--- Data Enclosed Below ---
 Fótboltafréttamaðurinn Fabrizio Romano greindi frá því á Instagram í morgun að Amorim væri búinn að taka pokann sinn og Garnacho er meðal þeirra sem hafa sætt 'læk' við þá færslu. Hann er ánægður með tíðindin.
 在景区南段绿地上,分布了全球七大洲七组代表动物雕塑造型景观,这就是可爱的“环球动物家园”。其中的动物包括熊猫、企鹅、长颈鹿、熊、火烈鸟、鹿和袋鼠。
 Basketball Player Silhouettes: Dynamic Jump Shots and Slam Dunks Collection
--- End of Enclosed Data ---
--- Data Enclosed Below ---
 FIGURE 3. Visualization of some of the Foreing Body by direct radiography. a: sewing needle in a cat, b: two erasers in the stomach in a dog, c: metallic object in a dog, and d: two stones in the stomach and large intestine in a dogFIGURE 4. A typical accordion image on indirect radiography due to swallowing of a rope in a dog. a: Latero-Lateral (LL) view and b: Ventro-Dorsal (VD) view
--- End of Enclosed Data ---
--- Data Enclosed Below ---
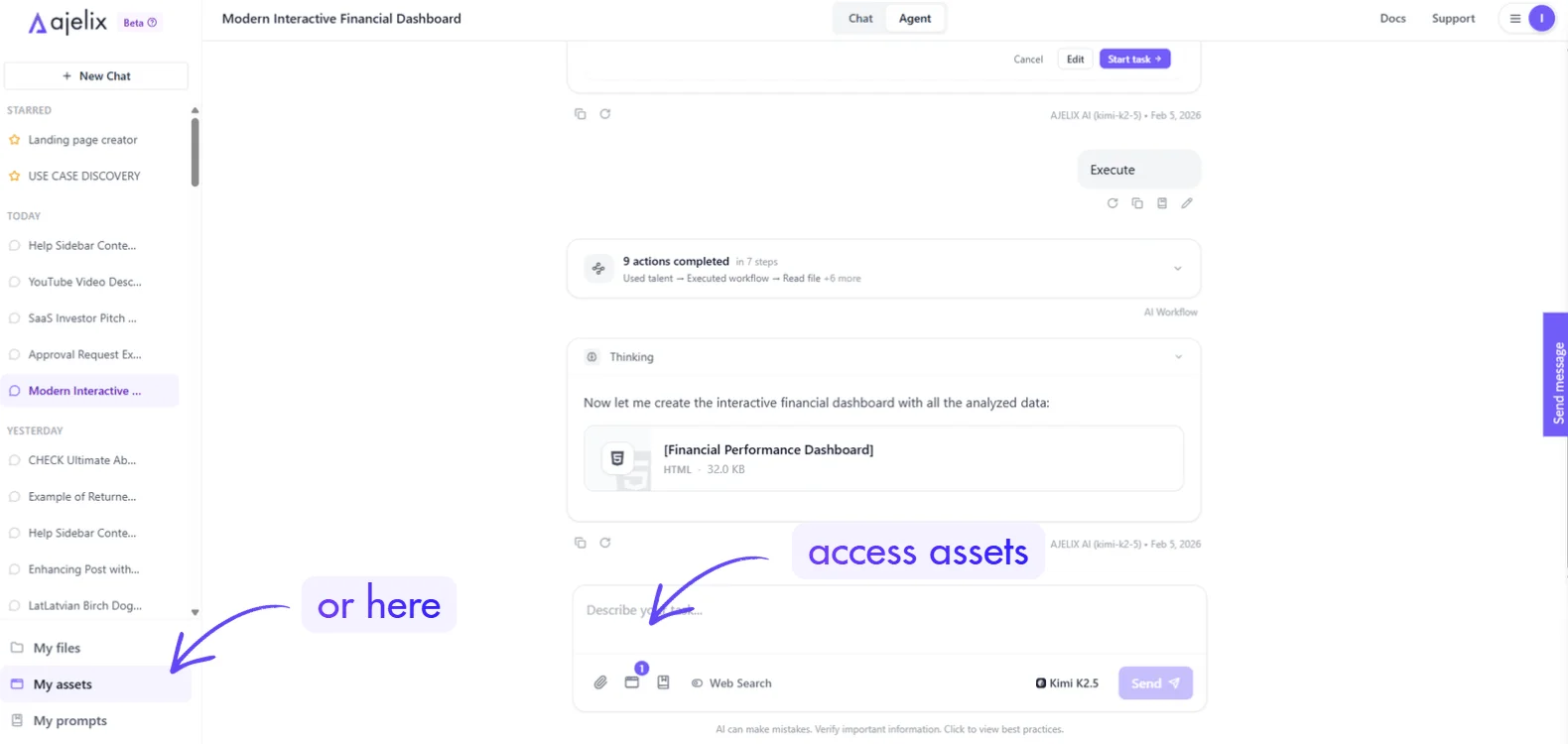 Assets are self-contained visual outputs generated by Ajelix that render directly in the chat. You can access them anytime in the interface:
--- End of Enclosed Data ---
What is needed: Only the lines above starting at the line that holds "Fótboltafréttamaðurinn Fabrizio Romano" and ending at the line that holds "Basketball Player Silhouettes: Dynamic" are to be repeated, exactly and in full.

Exercise output:
 Fótboltafréttamaðurinn Fabrizio Romano greindi frá því á Instagram í morgun að Amorim væri búinn að taka pokann sinn og Garnacho er meðal þeirra sem hafa sætt 'læk' við þá færslu. Hann er ánægður með tíðindin.
 在景区南段绿地上,分布了全球七大洲七组代表动物雕塑造型景观,这就是可爱的“环球动物家园”。其中的动物包括熊猫、企鹅、长颈鹿、熊、火烈鸟、鹿和袋鼠。
 Basketball Player Silhouettes: Dynamic Jump Shots and Slam Dunks Collection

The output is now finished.